Directions for this task »
The material below contains a line with "Heremans/Ceusters and May" and a line with "Read morePésimo pase". Copy exactly those two lines and all lines between them.

Records »
↓↓↓

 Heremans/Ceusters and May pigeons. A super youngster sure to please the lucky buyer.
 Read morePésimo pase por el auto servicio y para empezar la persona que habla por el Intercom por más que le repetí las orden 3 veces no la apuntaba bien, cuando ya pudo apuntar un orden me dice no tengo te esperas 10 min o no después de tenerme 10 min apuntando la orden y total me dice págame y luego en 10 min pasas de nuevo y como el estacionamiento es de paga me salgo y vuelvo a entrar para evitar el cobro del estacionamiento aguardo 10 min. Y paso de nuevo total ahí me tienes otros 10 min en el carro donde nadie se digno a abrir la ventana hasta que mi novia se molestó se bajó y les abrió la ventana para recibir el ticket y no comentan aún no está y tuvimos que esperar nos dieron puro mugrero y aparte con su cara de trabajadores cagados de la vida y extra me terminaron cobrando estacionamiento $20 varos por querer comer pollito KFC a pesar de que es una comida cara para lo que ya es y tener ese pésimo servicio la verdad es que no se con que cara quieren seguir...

↑↑↑
↓↓↓

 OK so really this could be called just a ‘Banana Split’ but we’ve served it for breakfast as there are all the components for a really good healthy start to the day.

↑↑↑

Response box »
 Heremans/Ceusters and May pigeons. A super youngster sure to please the lucky buyer.
 Read morePésimo pase por el auto servicio y para empezar la persona que habla por el Intercom por más que le repetí las orden 3 veces no la apuntaba bien, cuando ya pudo apuntar un orden me dice no tengo te esperas 10 min o no después de tenerme 10 min apuntando la orden y total me dice págame y luego en 10 min pasas de nuevo y como el estacionamiento es de paga me salgo y vuelvo a entrar para evitar el cobro del estacionamiento aguardo 10 min. Y paso de nuevo total ahí me tienes otros 10 min en el carro donde nadie se digno a abrir la ventana hasta que mi novia se molestó se bajó y les abrió la ventana para recibir el ticket y no comentan aún no está y tuvimos que esperar nos dieron puro mugrero y aparte con su cara de trabajadores cagados de la vida y extra me terminaron cobrando estacionamiento $20 varos por querer comer pollito KFC a pesar de que es una comida cara para lo que ya es y tener ese pésimo servicio la verdad es que no se con que cara quieren seguir...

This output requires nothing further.